__Directions for this task__.
Beneath this line are entries. Copy the range from the line with "ボタン付けに挑戦中です。4つ" to the line with "Παραλαμβάνοντας το βραβείο", ends included, exactly; leave pictures out.

__Supplied material__.
-------

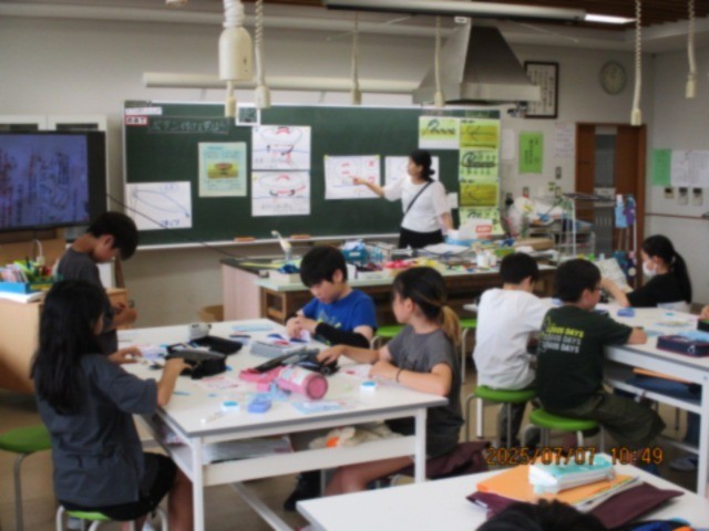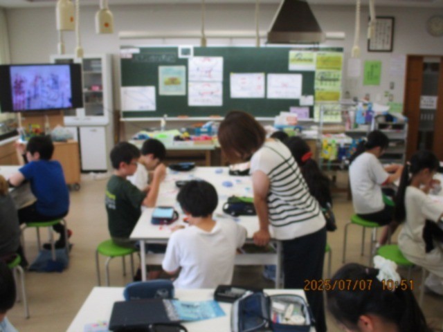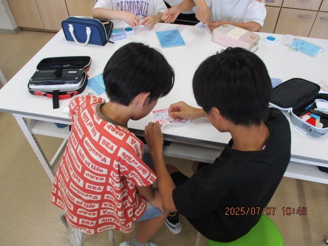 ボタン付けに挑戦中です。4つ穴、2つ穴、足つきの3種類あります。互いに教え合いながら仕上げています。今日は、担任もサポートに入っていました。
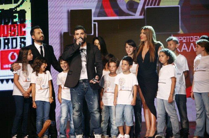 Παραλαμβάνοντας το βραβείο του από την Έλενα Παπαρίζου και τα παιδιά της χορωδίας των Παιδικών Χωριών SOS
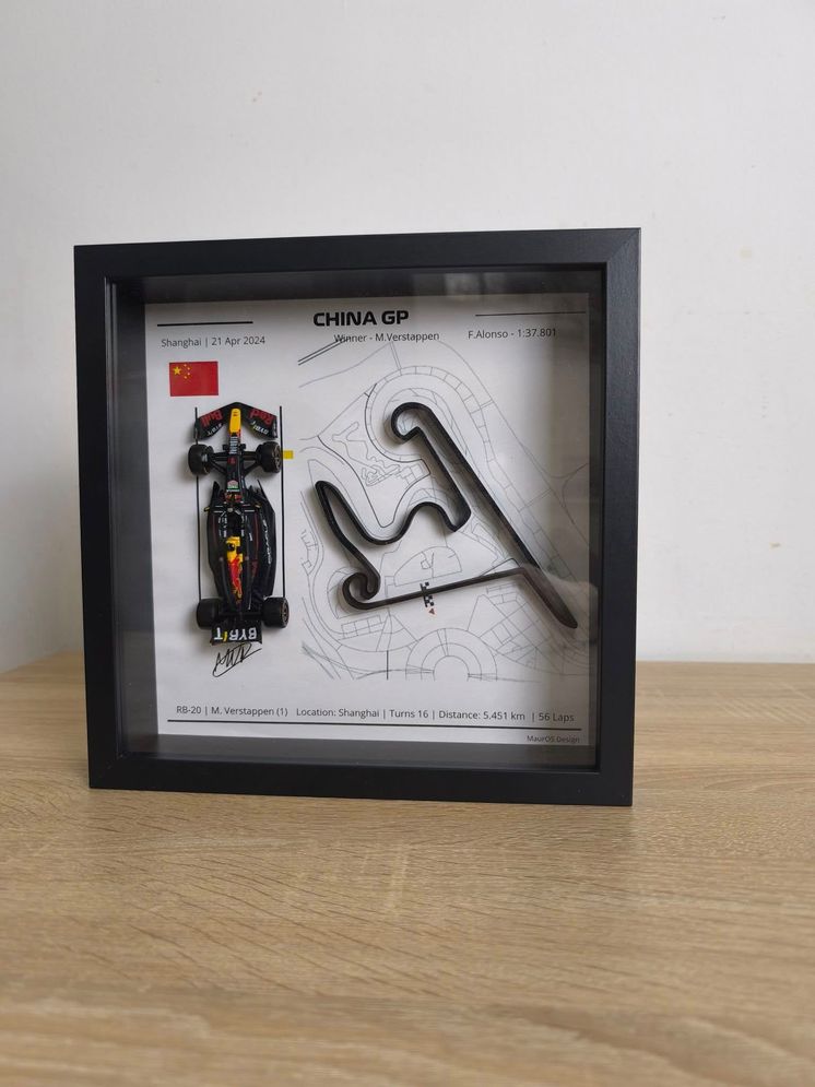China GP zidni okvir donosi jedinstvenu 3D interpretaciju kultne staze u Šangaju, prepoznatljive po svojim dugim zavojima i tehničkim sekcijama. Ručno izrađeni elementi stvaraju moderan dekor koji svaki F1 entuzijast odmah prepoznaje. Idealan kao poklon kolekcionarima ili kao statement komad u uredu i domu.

-------

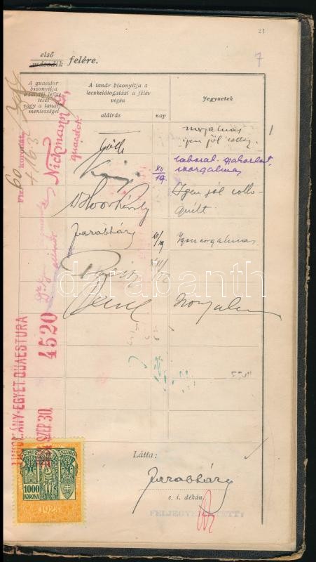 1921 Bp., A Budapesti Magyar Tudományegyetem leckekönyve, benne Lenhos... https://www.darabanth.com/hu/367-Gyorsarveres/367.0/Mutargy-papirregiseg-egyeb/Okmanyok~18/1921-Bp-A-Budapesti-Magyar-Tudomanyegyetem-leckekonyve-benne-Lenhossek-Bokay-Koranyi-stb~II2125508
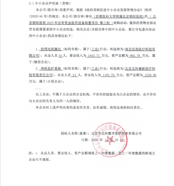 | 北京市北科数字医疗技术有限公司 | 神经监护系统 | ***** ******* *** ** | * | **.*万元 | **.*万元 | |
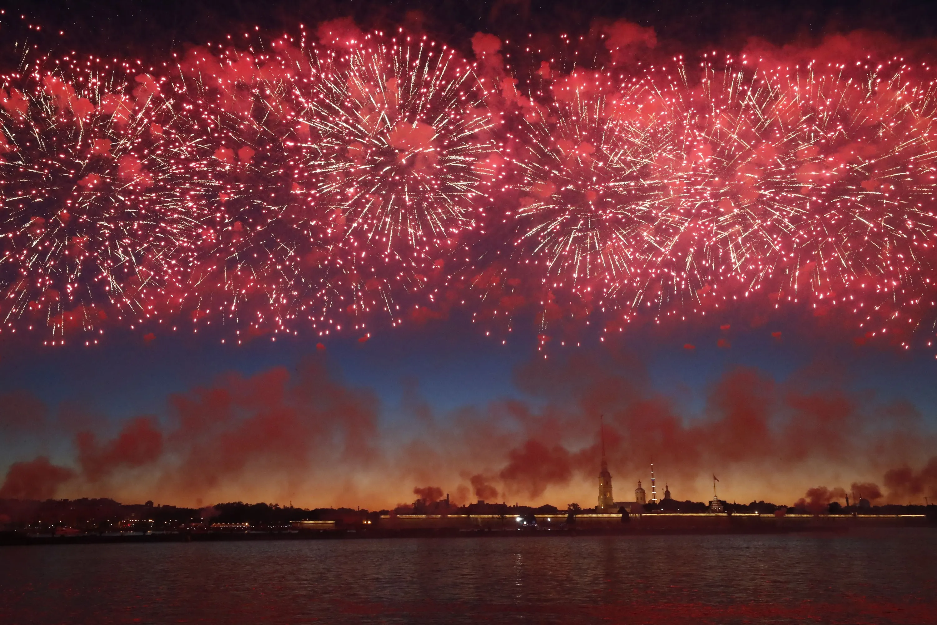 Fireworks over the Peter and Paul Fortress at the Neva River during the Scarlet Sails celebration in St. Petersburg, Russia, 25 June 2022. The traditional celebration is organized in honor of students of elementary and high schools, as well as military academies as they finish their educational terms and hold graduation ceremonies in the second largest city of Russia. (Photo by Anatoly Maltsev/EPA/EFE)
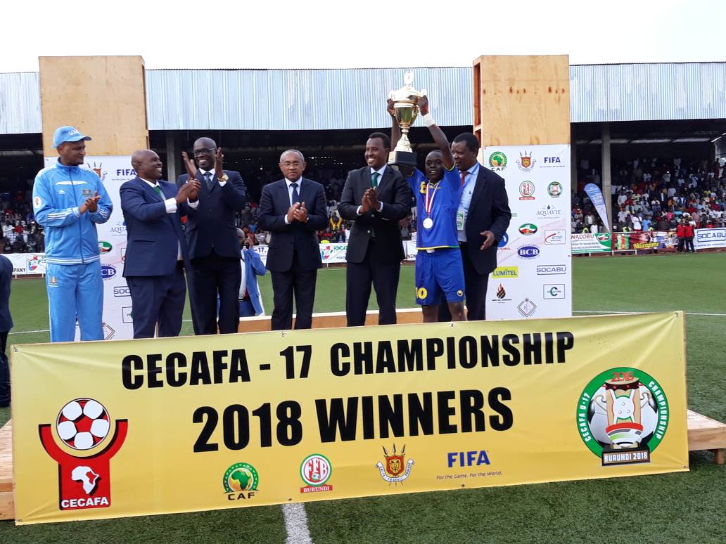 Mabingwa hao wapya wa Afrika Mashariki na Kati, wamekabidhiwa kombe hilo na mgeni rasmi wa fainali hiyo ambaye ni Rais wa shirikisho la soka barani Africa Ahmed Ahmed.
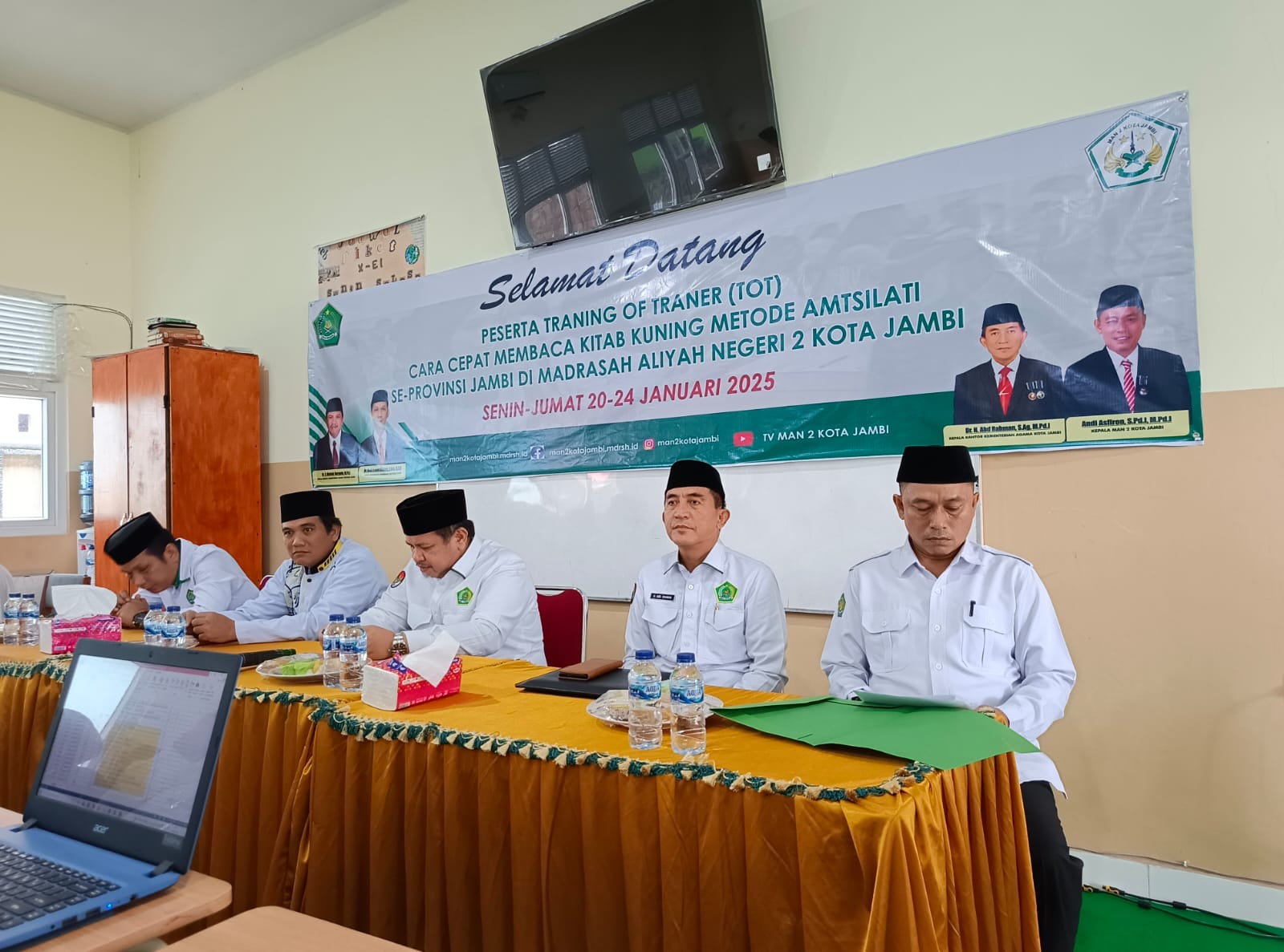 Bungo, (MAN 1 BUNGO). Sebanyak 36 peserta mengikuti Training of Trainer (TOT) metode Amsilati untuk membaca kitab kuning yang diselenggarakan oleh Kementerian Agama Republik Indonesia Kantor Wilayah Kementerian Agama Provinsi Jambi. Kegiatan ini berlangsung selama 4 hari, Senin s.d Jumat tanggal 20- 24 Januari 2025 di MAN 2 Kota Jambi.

-------

__Response area__.
 ボタン付けに挑戦中です。4つ穴、2つ穴、足つきの3種類あります。互いに教え合いながら仕上げています。今日は、担任もサポートに入っていました。
 Παραλαμβάνοντας το βραβείο του από την Έλενα Παπαρίζου και τα παιδιά της χορωδίας των Παιδικών Χωριών SOS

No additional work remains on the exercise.